In this session you will:
Before running pMCMC, we need to code a particle filter in order to
evaluate the log-likelihood of the data at a given proposed
theta.
Below you can find the skeleton of such a function. We have inserted comments at each step of the algorithm. If you are struggling at any point, follow the link below the code for a more guided example.
# This is a function that takes four parameters:
# - fitmodel: a fitmodel object
# - theta: named numeric vector. Values of the parameters for which the marginal log-likelihood is desired.
# - initState: named numeric vector. Initial values of the state variables.
# - data: data frame. Observation times and observed data.
# The function returns the value of the marginal log-likelihood
my_particleFilter <- function(fitmodel, theta, initState, data, nParticles) {
## Initialisation of the algorithm
# Initialise the state and the weight of your particles
## Start for() loop over observation times
# Resample particles according to their weights
# You can use the `sample() function of R
## Start for() loop over particles
# Propagate the particle from current observation time to the next one
# using the function `fitmodel$simulate`
# Weight the particle with the likelihood of the observed data point
# using the function `fitmodel$dPointObs`
## End for() loop over particles
## End for() loop over observation times
## Compute and return the marginal log-likelihood
# sum of the log of the mean of the weights at each observation time
}If you have trouble filling any of the empty bits, have a look at our more guided example.
Try to run your particle filter with the following inputs:
# load seit4lStoch
data(models)
# load data
data(fluTdc1971)
# theta close to the mean posterior estimate of the deterministic SEIT4L model
theta <- c(R_0 = 7, D_lat = 1, D_inf = 4, alpha = 0.5, D_imm = 10, rho = 0.65)
# init state as before
initState <- c(S = 279, E = 0, I = 2, T1 = 3, T2 = 0, T3 = 0, T4 = 0, L = 0, Inc = 0)
# run the particle filter with 20 particles
my_particleFilter(seit4lStoch, theta, initState, data = fluTdc1971, nParticles = 20)
## [1] -124.5306Does your particle filter return the same value for the marginal log-likelihood? Can you explain why?
What can you notice when you:
thetaCan you think of and implement an algorithm to calibrate the number of particles?
Compare your approach with ours and determine an optimal number of particles.

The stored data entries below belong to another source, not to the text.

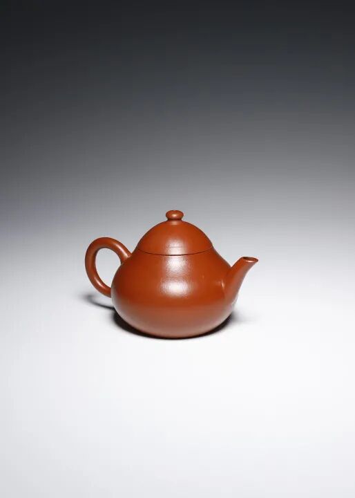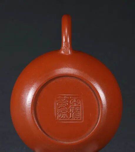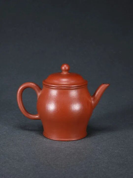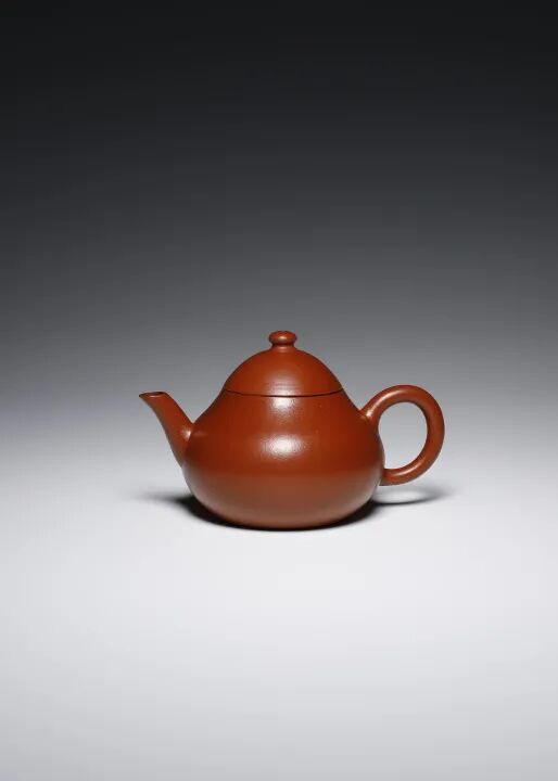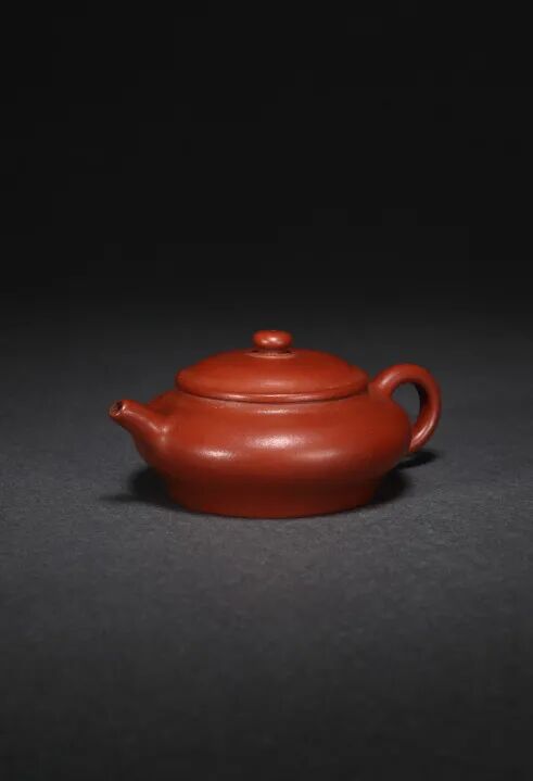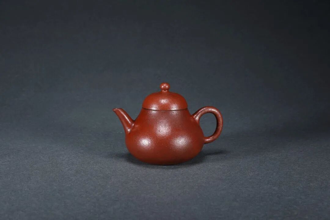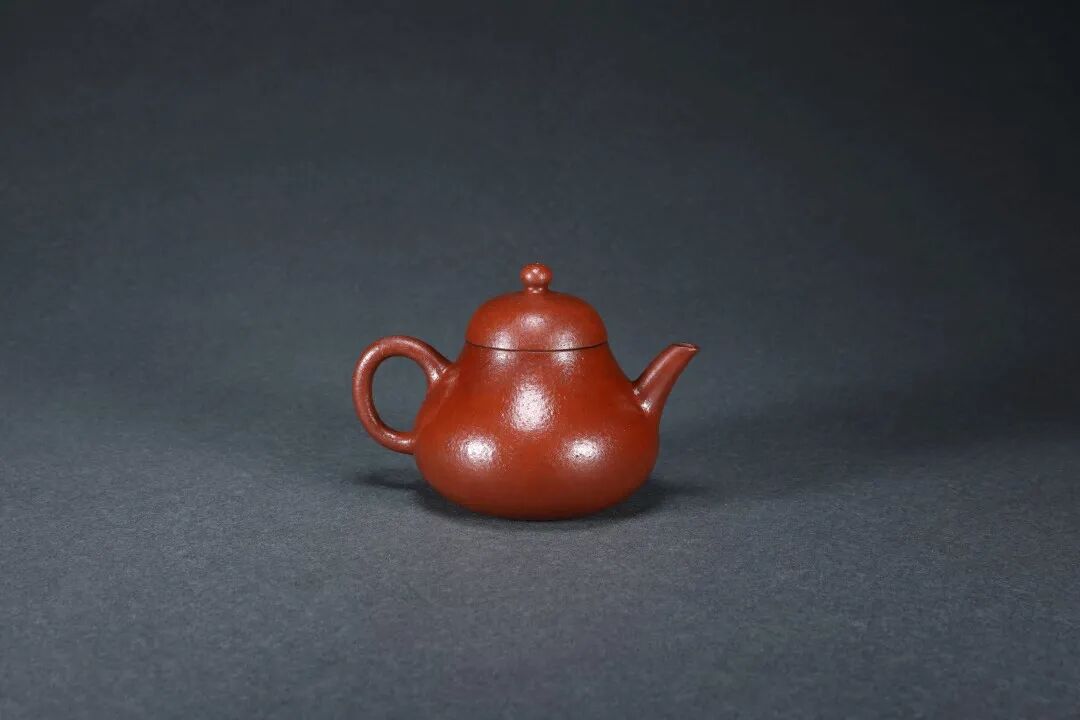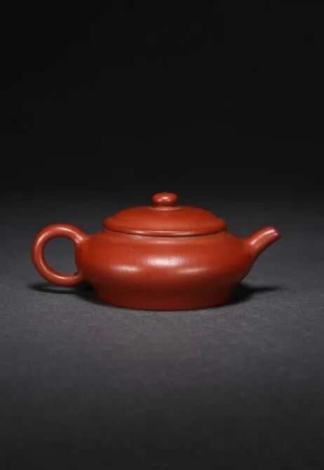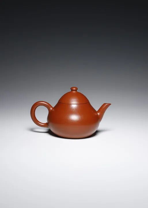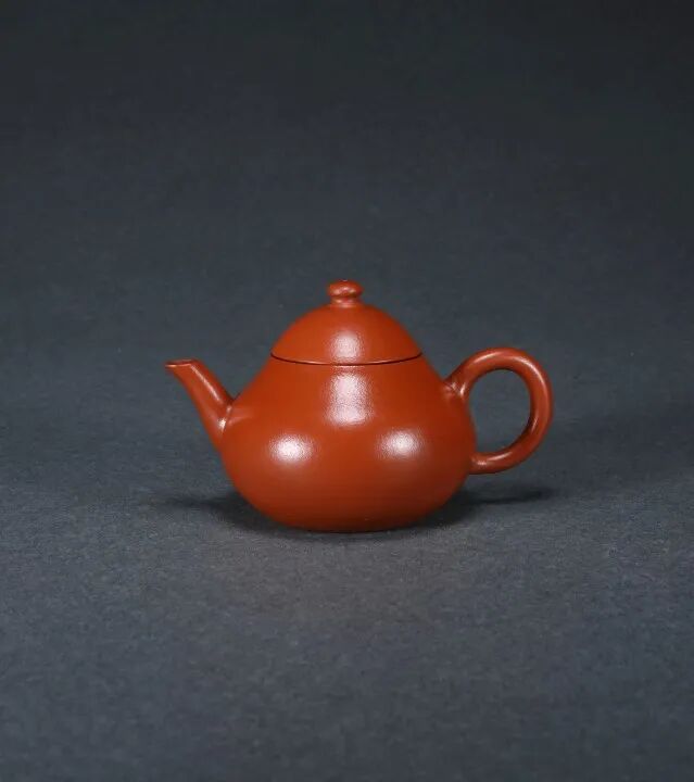 此壺用泥精純,窯溫適足發色殷红,轻巧精致。盖为笠帽式,口沿外撇,宝珠钮,流及把略微纤细,以凸显壶身的张力,同时于人玲珑美,具有鲜明时代特色。
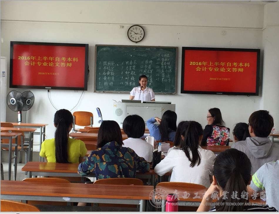 • 2016年4月22日下午及4月23日,繼續(xù)教育部在我院本部(鵬飛校區(qū))第二教學(xué)樓開展2016年上半年自考專本銜接考生畢業(yè)論文答辯工作。此次畢業(yè)答辯涉及就讀主考學(xué)校為廣西財經(jīng)學(xué)院自考本科的會計學(xué)專業(yè)、工商管理專業(yè)...
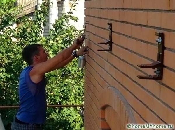 - การทำเครื่องหมายของสถานที่สำหรับยึดวงเล็บและกรอบจะดำเนินการ
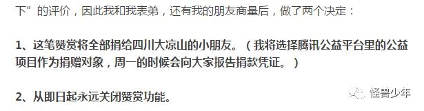 凤姐近日再发文,宣布将这笔钱全部捐给四川大凉山的小朋友,从此以后永远关闭赞赏功能。

You can now write a new wrapper for the function
dLogPosterior that will take
margLogLike = my_particleFilter as argument. This wrapper
will then be passed to mcmcMh.
Note that the function dLogPosterior doesn’t have a
nParticles argument so you might wonder how to specify it
to my_particleFilter? Have a look at the documentation of
dLogPosterior. You should notice the ...
argument, which allows you to pass any extra argument to the function
margLogLike.
You have probably noticed that running my_particleFilter
is time consuming. As we mentioned in the previous session
this can lead to a waste of time and computational resources if you
initialise the pMCMC with parameter values far from the target and with
a Gaussian proposal that is very different from the target.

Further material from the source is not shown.